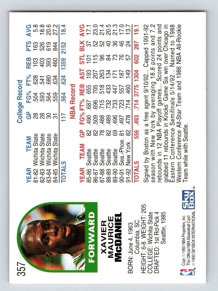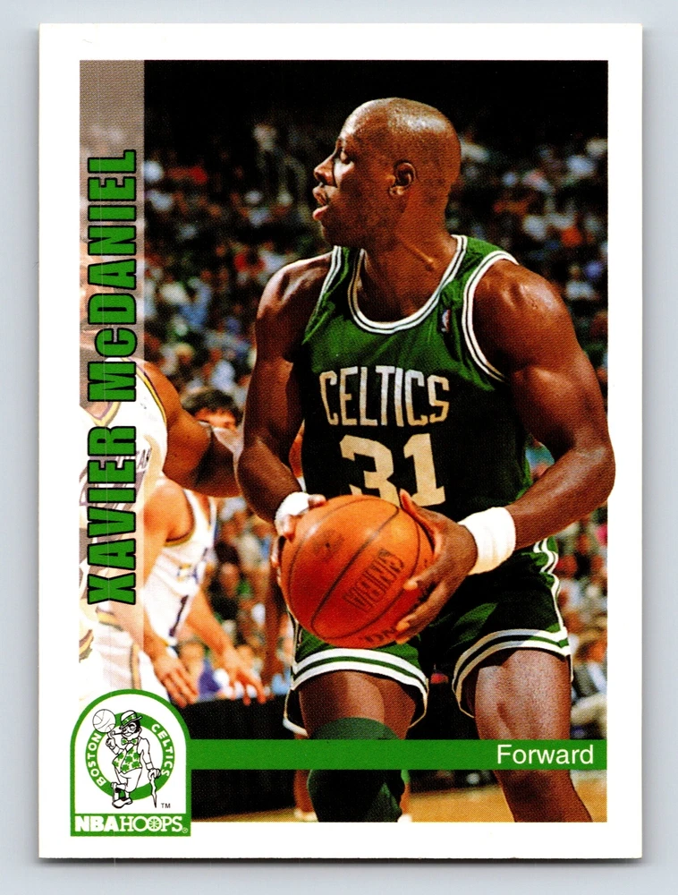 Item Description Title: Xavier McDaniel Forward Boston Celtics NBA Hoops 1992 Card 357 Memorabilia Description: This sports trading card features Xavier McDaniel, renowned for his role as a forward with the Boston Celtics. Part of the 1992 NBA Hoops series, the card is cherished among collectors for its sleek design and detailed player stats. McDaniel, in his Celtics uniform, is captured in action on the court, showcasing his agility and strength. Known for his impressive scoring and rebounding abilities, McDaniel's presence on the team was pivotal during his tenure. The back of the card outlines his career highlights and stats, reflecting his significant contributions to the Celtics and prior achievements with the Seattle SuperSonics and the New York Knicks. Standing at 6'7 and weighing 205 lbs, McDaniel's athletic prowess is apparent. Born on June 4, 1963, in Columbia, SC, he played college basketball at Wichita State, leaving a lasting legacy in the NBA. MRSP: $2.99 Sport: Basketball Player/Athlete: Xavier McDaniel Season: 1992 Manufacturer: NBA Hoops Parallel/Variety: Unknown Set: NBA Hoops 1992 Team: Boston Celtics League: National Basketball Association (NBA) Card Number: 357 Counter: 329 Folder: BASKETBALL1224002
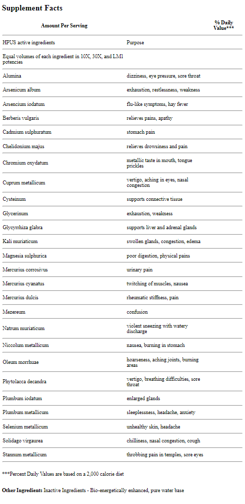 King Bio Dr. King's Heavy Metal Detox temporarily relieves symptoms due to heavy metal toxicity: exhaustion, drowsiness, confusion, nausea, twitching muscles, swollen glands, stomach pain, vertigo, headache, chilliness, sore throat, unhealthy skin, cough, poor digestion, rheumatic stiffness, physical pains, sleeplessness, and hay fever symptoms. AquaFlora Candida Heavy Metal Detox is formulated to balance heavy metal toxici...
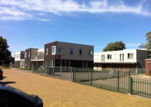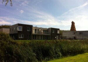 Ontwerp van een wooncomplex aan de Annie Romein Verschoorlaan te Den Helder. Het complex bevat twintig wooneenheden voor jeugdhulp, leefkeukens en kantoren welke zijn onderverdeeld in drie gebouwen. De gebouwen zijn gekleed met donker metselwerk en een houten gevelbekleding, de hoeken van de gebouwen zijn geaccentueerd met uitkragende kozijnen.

How to complete this task:
Pictures are to be left out; repeat all the remaining data exactly.

Result of the exercise:
 Item Description Title: Xavier McDaniel Forward Boston Celtics NBA Hoops 1992 Card 357 Memorabilia Description: This sports trading card features Xavier McDaniel, renowned for his role as a forward with the Boston Celtics. Part of the 1992 NBA Hoops series, the card is cherished among collectors for its sleek design and detailed player stats. McDaniel, in his Celtics uniform, is captured in action on the court, showcasing his agility and strength. Known for his impressive scoring and rebounding abilities, McDaniel's presence on the team was pivotal during his tenure. The back of the card outlines his career highlights and stats, reflecting his significant contributions to the Celtics and prior achievements with the Seattle SuperSonics and the New York Knicks. Standing at 6'7 and weighing 205 lbs, McDaniel's athletic prowess is apparent. Born on June 4, 1963, in Columbia, SC, he played college basketball at Wichita State, leaving a lasting legacy in the NBA. MRSP: $2.99 Sport: Basketball Player/Athlete: Xavier McDaniel Season: 1992 Manufacturer: NBA Hoops Parallel/Variety: Unknown Set: NBA Hoops 1992 Team: Boston Celtics League: National Basketball Association (NBA) Card Number: 357 Counter: 329 Folder: BASKETBALL1224002
 King Bio Dr. King's Heavy Metal Detox temporarily relieves symptoms due to heavy metal toxicity: exhaustion, drowsiness, confusion, nausea, twitching muscles, swollen glands, stomach pain, vertigo, headache, chilliness, sore throat, unhealthy skin, cough, poor digestion, rheumatic stiffness, physical pains, sleeplessness, and hay fever symptoms. AquaFlora Candida Heavy Metal Detox is formulated to balance heavy metal toxici...
 Ontwerp van een wooncomplex aan de Annie Romein Verschoorlaan te Den Helder. Het complex bevat twintig wooneenheden voor jeugdhulp, leefkeukens en kantoren welke zijn onderverdeeld in drie gebouwen. De gebouwen zijn gekleed met donker metselwerk en een houten gevelbekleding, de hoeken van de gebouwen zijn geaccentueerd met uitkragende kozijnen.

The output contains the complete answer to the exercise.